Machine learning researcher at Berkeley

Pieter Abbeel (born 1977) is a professor of electrical engineering and computer sciences, Director of the Berkeley Robot Learning Lab, and co-director of the Berkeley AI Research (BAIR) Lab at the University of California, Berkeley. He is also the co-founder of Covariant, a venture-funded start-up that aims to teach robots new, complex skills, and co-founder of Gradescope, an online grading system that has been implemented in over 500 universities across the United States. He is best known for his cutting-edge research in robotics and machine learning, particularly in deep reinforcement learning. In 2021, he joined AIX Ventures as an Investment Partner. AIX Ventures is a venture capital fund that invests in artificial intelligence startups.

== Early life and education ==
Abbeel was born in Antwerp, Belgium, in 1977. He grew up in nearby suburb Brasschaat.

As a high school student at Sint-Michielscollege (Brasschaat), Abbeel played on the club basketball team. He went on to play on the basketball team of KU Leuven University, where he obtained a Bachelor of Science and Master of Science in electrical engineering in 2000.

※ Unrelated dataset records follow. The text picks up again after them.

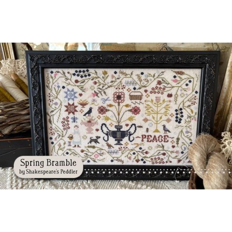 Spring Bramble Stickvorlage, Shakespeare’s Peddler Cross Stitch, botanischer Sampler, Frühlings Stickmuster, Urnenmotiv Stickvorlage, Peace Sampler, Folk Art Cross Stitch, Naturmotiv Stickvorlage, Nashville Needlework Market 2026, Kreuzstichvorlage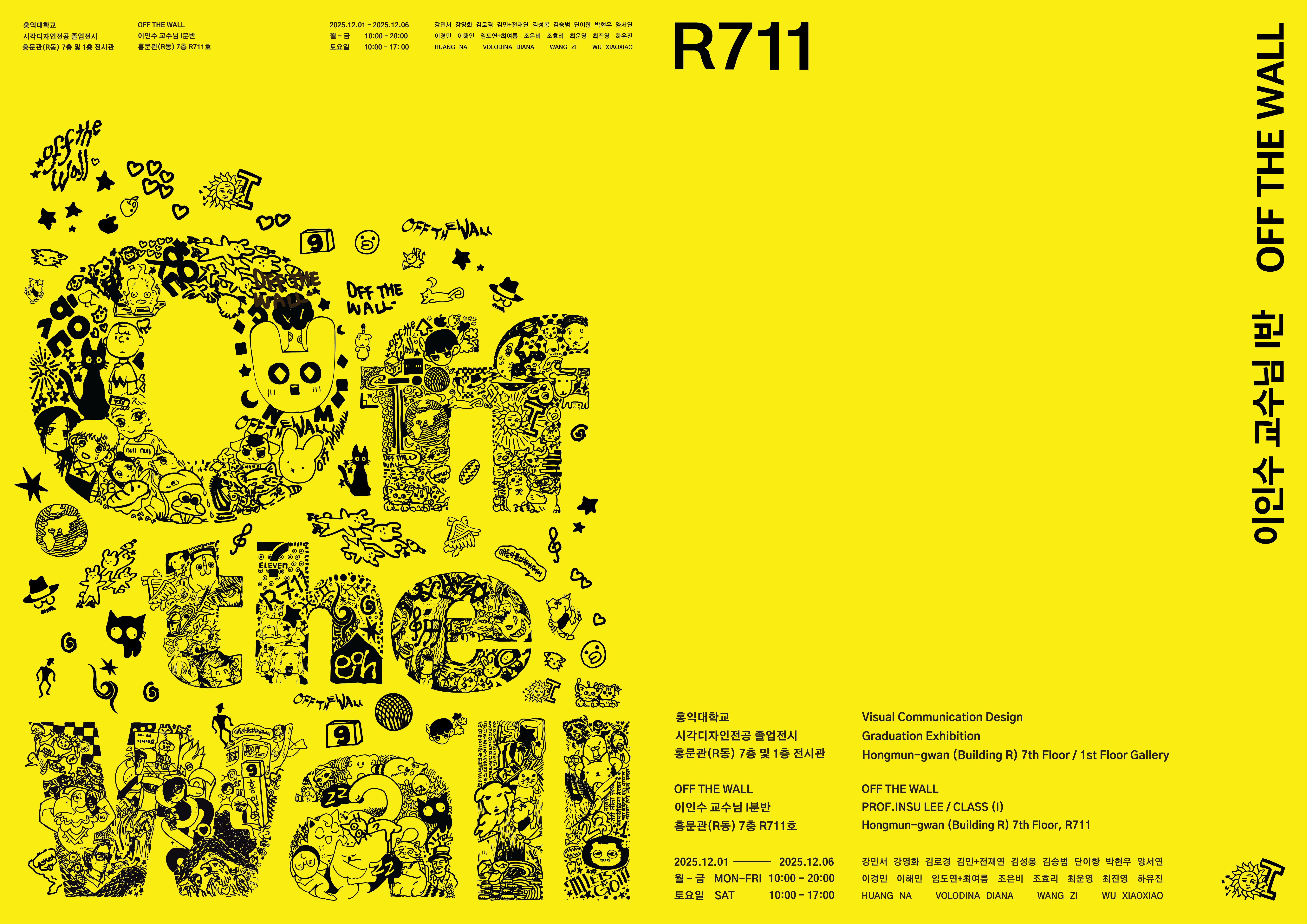홍익대학교 시각디자인전공 졸업전시는 12월 1일부터 6일까지 열린다. 학생들의 노력과 열정을 직접 마주해보면 어떨까. 소문의 주인공, R711 전시실을 찾아가는 재미도 쏠쏠할 것이다.
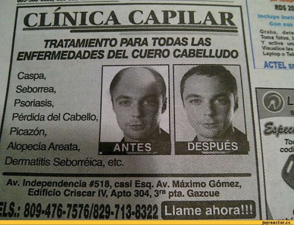 Нисколько не умаляю роль Джима Парсонса в отрасли волосяной трансплантации, но по-моему тут не испанцы, а доминиканцы сваяли эту рекламку, на испанском, да.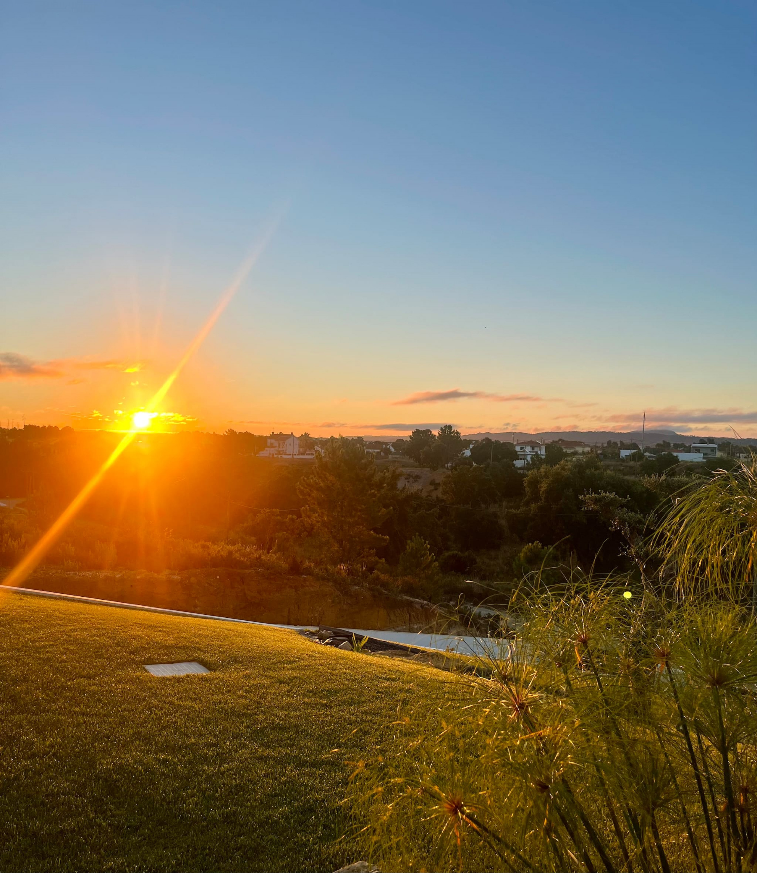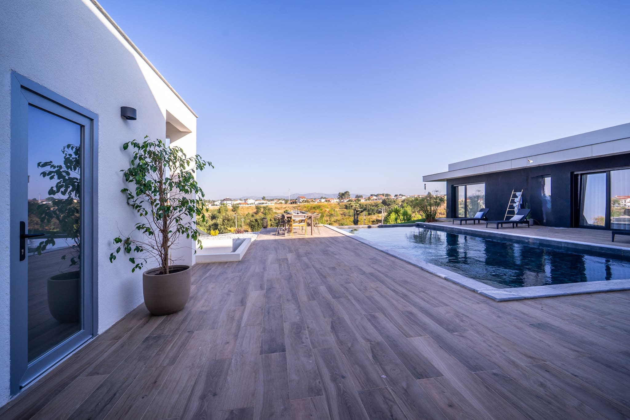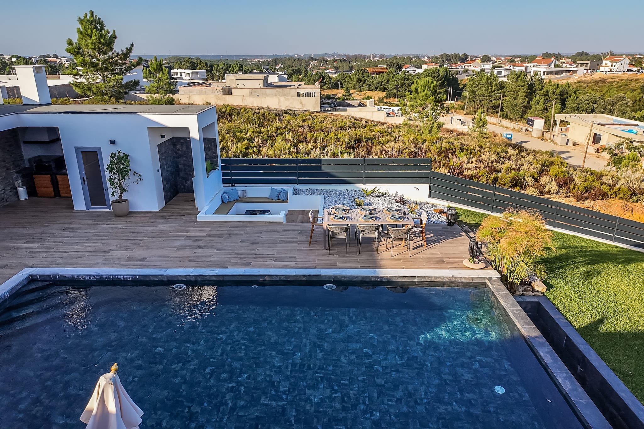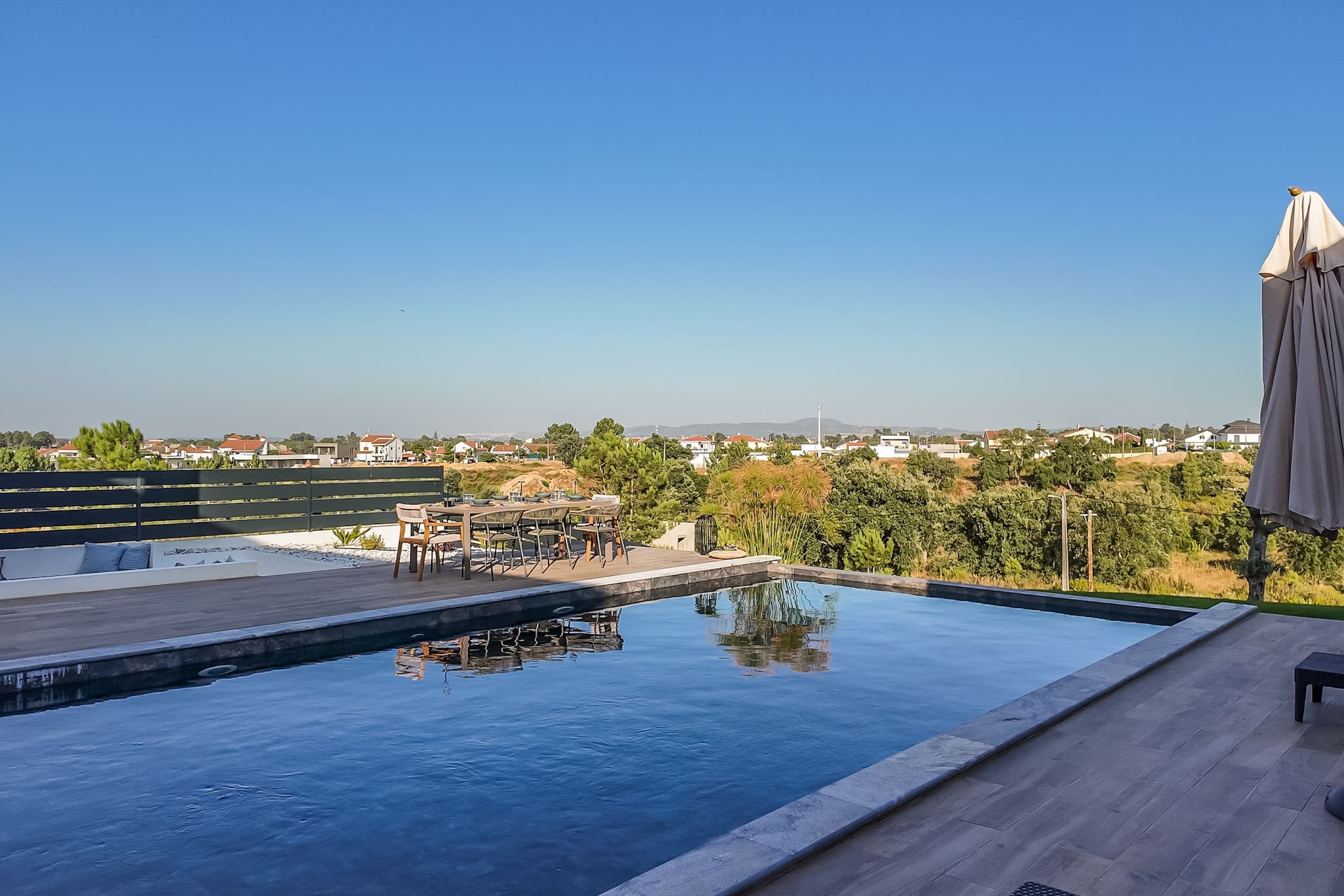 Piscina. Mergulhe no relaxamento na nossa piscina cintilante, cercada pelo pátio beijado pelo sol e vegetação exuberante, enquanto desfruta da vista das montanhas Arrabida à distância.
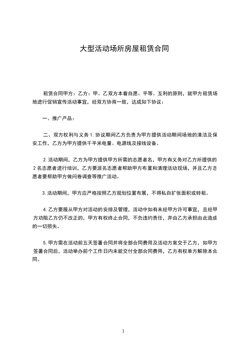 租赁合同甲方:乙方:甲、乙双方本着自愿、平等、互利的原则,就甲方租赁场地进行促销宣传活动事宜,经双方协商一致,达成如下协议: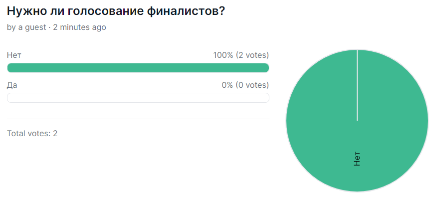 Предлагаю, помимо официальных итогов, сделать голосование участников и свободное для всех. Эти два голосования ни на что не влияют в распределении призов. Голосование участников - это дело ОПа, ибо у него почты участников. А свободное - просто любой может сделать голосовалку, вдруг тут не только участники сидят. Свободное конечно легко накрутить, но влияния на итоги нет - так что без разницы.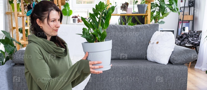 Неприхотливый и популярный замиокулькас в руках женщины в интерьере оранжереи со стеллажами из коллекций домашних растений. Домашнее растениеводство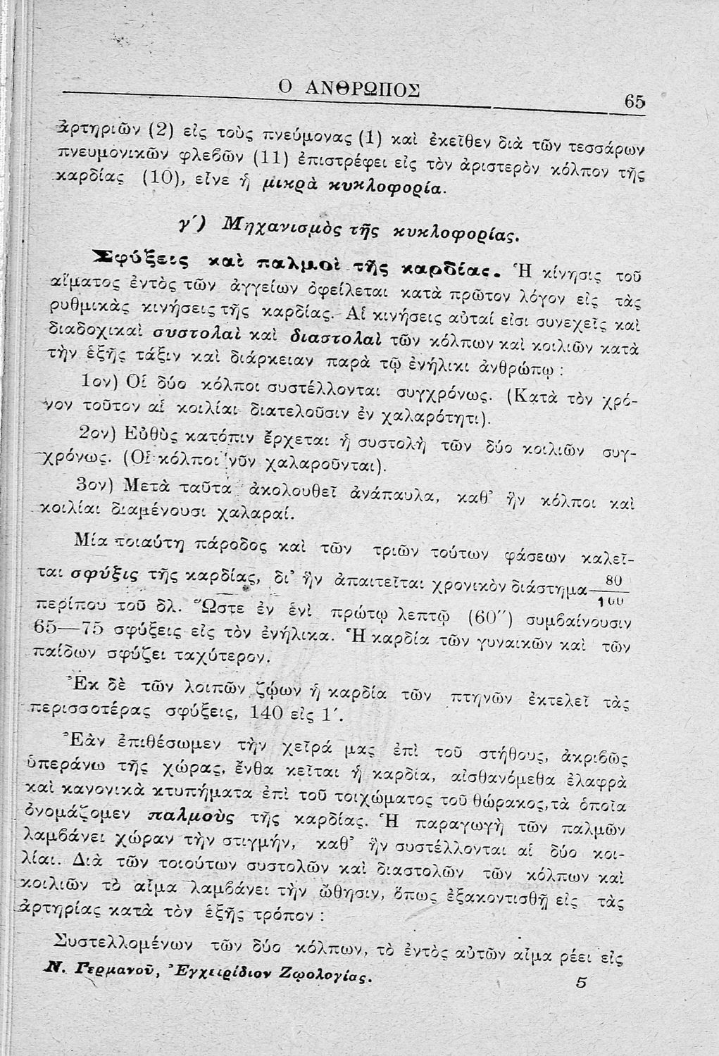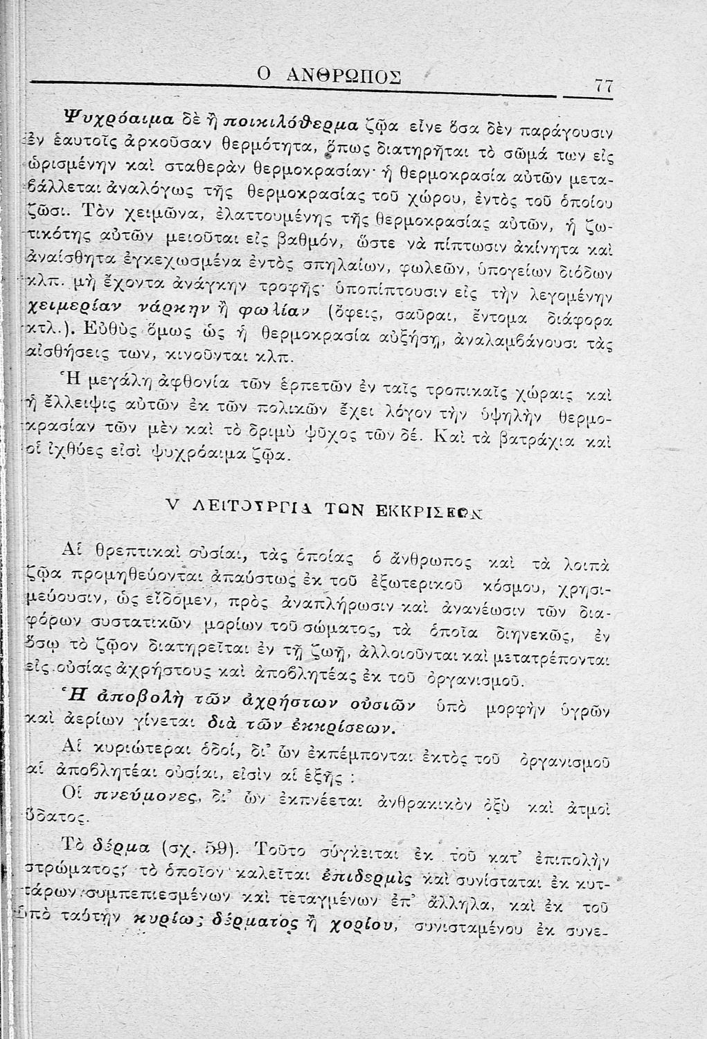 Σχολικό εγχειρίδιο Ζωολογίας των Γυμνασίων, Διδασκαλείων και Παρθεναγωγείων. Στο πρώτο μέρος του βιβλίου γίνεται μια συνοπτική παρουσίαση της δομής του ανθρώπινου σώματος και των διαφόρων συστημάτων του ...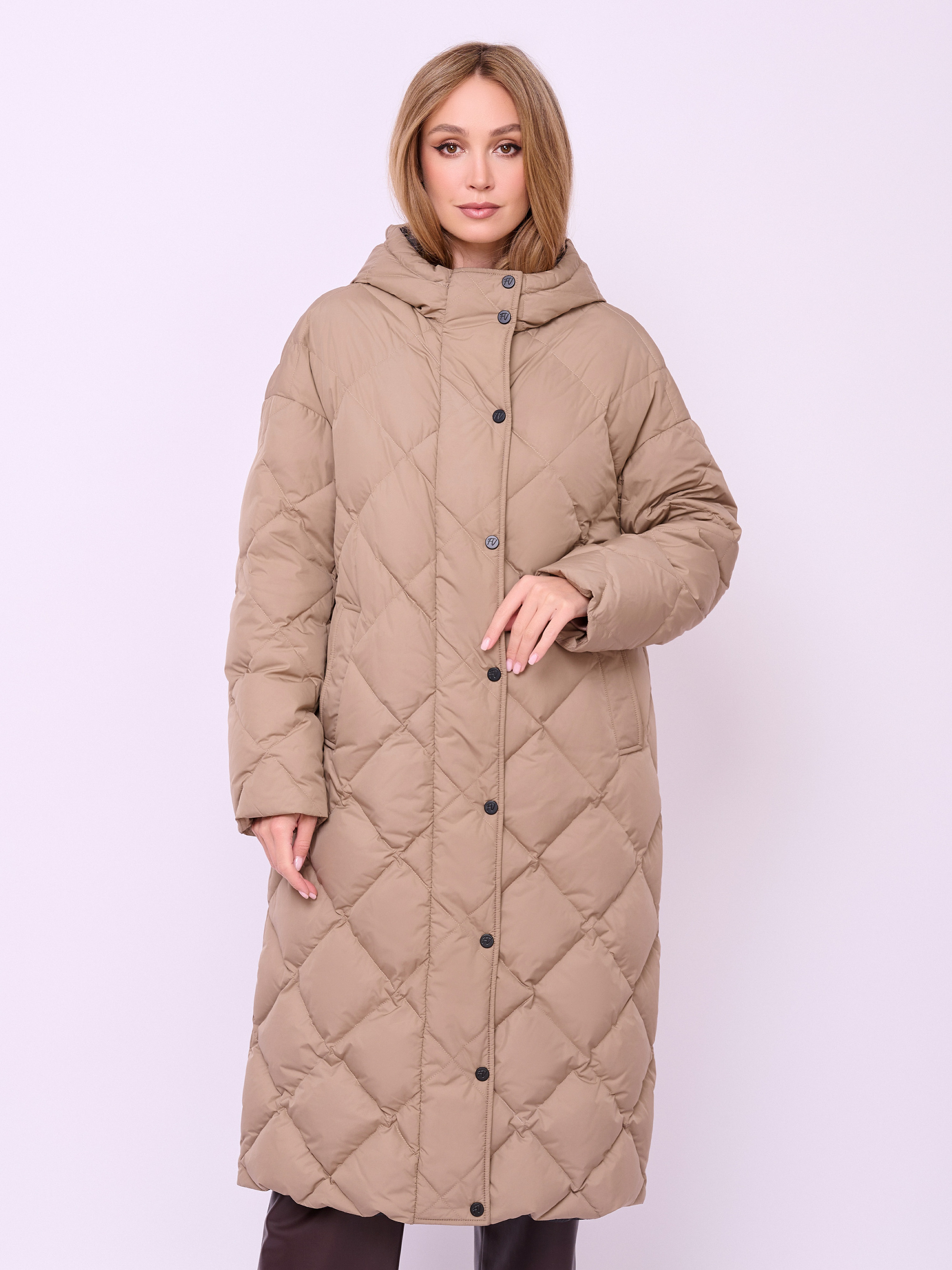 Пальто утепленное стеганое на молнии и кнопках с несъемным капюшоном на кулиске, без опушки, с длинными рукавами с трикотажными манжетами, прорезными карманами. Длина по спине: 112 см.

Abbeel received his Ph.D. in computer science from Stanford University. He specialized in artificial intelligence research, noting that his interest in AI sparked from the realization that AI can help build tools for other disciplines and that intelligence sets humans apart from other species. Originally, Abbeel intended to pursue a master's degree in computer science, but decided to stay for his Ph.D. due to the abundance of AI projects happening at Stanford. He was the first PhD student of AI Professor Andrew Ng, who was a first-year professor at Stanford at the time. After finishing his Ph.D. in 2008, Abbeel became an assistant professor in Berkeley's electrical engineering and computer science department.

== Career ==
Upon his arrival at UC Berkeley as an assistant professor, Abbeel founded the Berkeley Robot Learning Lab. Additionally, in 2014, he co-founded Gradescope with other UC Berkeley-affiliated engineers Arjun Singh, Sergey Karayev, Ibrahim Awwal, which was acquired by TurnItIn in 2018.  In 2016, Abbeel joined OpenAI, where he has published numerous articles on reinforcement learning, robot learning, and unsupervised learning. Also in 2016, he became co-director of the Berkeley Artificial Intelligence Research (BAIR) Lab, which consists of post-doctoral, graduate, and undergraduate students interested in machine learning and robotics. He also founded Berkeley Open Arms, which has licenses the IP on the Blue Robot project from Berkeley. In 2017, he became a full-time professor with tenure at UC Berkeley.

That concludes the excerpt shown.